**Exercise prompt**
For the data below, retype word for word the lines from the one containing "400ml 2瓶 49.9" through the one containing "Τέλος, έχουμε 6"; drop the pictures.

**Listed records**
--------
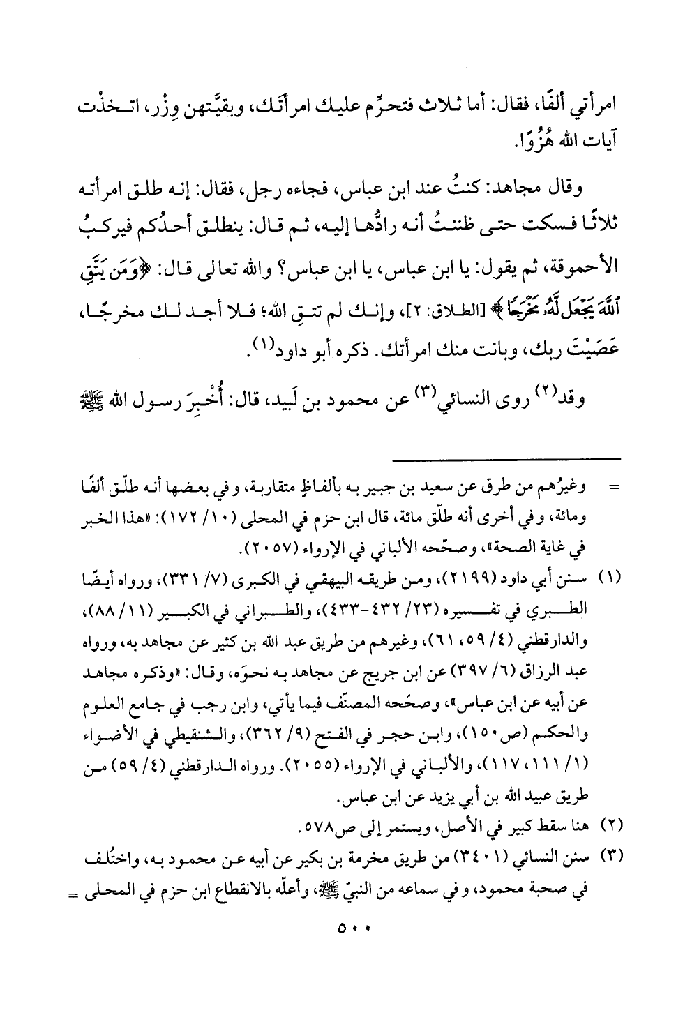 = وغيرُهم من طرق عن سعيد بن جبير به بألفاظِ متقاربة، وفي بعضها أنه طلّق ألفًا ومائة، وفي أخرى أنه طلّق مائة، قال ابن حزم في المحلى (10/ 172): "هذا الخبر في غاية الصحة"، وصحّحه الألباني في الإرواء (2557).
--------
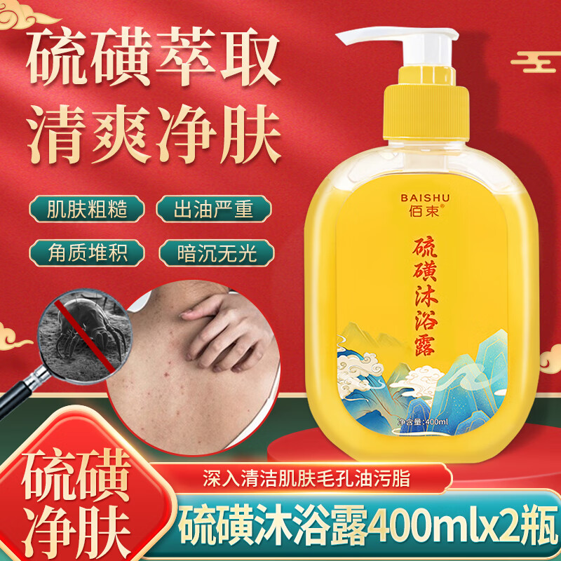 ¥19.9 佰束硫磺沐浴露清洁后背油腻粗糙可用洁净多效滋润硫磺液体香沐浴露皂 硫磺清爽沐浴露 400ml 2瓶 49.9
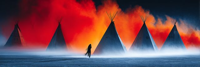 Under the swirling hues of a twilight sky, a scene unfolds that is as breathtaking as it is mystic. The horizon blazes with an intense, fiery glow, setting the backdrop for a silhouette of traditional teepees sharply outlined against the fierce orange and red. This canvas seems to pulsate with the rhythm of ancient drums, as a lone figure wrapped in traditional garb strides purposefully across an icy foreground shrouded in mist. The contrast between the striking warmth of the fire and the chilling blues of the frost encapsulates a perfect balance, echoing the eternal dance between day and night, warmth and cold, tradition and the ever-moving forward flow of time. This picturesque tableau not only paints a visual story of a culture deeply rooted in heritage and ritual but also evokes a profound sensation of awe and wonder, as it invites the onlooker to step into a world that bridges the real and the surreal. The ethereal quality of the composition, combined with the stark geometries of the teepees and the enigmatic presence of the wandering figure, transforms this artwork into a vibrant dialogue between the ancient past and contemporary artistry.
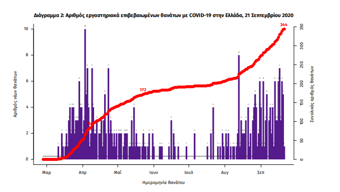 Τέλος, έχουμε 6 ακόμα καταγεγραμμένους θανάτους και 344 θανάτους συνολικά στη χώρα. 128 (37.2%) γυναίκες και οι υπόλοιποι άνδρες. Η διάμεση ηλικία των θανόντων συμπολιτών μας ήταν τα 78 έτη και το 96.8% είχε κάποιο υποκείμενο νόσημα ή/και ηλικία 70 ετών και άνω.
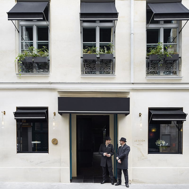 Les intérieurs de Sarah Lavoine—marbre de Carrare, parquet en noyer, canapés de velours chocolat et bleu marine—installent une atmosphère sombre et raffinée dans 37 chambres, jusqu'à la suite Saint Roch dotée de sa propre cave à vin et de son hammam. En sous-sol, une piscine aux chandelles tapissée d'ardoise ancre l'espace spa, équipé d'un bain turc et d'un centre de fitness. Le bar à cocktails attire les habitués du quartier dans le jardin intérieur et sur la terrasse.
--------
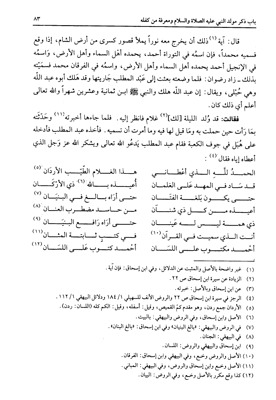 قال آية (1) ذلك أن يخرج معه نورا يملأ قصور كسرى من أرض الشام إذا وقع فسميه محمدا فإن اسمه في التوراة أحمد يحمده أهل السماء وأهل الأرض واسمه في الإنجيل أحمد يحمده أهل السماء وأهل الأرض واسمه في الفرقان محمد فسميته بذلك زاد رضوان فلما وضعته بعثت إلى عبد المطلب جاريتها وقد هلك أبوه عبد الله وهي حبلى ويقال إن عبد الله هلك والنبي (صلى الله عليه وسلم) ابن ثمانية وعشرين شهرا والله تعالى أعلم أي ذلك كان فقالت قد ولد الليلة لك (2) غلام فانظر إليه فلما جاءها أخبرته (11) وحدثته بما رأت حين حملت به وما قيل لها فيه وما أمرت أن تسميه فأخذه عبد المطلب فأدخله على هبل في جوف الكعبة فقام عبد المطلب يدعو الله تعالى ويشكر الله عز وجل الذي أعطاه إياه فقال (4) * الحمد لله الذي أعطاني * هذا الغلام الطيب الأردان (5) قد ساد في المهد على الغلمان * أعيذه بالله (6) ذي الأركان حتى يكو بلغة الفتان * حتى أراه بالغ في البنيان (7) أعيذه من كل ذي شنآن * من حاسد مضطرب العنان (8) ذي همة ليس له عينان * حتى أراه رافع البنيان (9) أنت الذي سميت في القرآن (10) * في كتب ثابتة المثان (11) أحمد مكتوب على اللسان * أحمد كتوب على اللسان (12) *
--------
**Task response**
 ¥19.9 佰束硫磺沐浴露清洁后背油腻粗糙可用洁净多效滋润硫磺液体香沐浴露皂 硫磺清爽沐浴露 400ml 2瓶 49.9
 Under the swirling hues of a twilight sky, a scene unfolds that is as breathtaking as it is mystic. The horizon blazes with an intense, fiery glow, setting the backdrop for a silhouette of traditional teepees sharply outlined against the fierce orange and red. This canvas seems to pulsate with the rhythm of ancient drums, as a lone figure wrapped in traditional garb strides purposefully across an icy foreground shrouded in mist. The contrast between the striking warmth of the fire and the chilling blues of the frost encapsulates a perfect balance, echoing the eternal dance between day and night, warmth and cold, tradition and the ever-moving forward flow of time. This picturesque tableau not only paints a visual story of a culture deeply rooted in heritage and ritual but also evokes a profound sensation of awe and wonder, as it invites the onlooker to step into a world that bridges the real and the surreal. The ethereal quality of the composition, combined with the stark geometries of the teepees and the enigmatic presence of the wandering figure, transforms this artwork into a vibrant dialogue between the ancient past and contemporary artistry.
 Τέλος, έχουμε 6 ακόμα καταγεγραμμένους θανάτους και 344 θανάτους συνολικά στη χώρα. 128 (37.2%) γυναίκες και οι υπόλοιποι άνδρες. Η διάμεση ηλικία των θανόντων συμπολιτών μας ήταν τα 78 έτη και το 96.8% είχε κάποιο υποκείμενο νόσημα ή/και ηλικία 70 ετών και άνω.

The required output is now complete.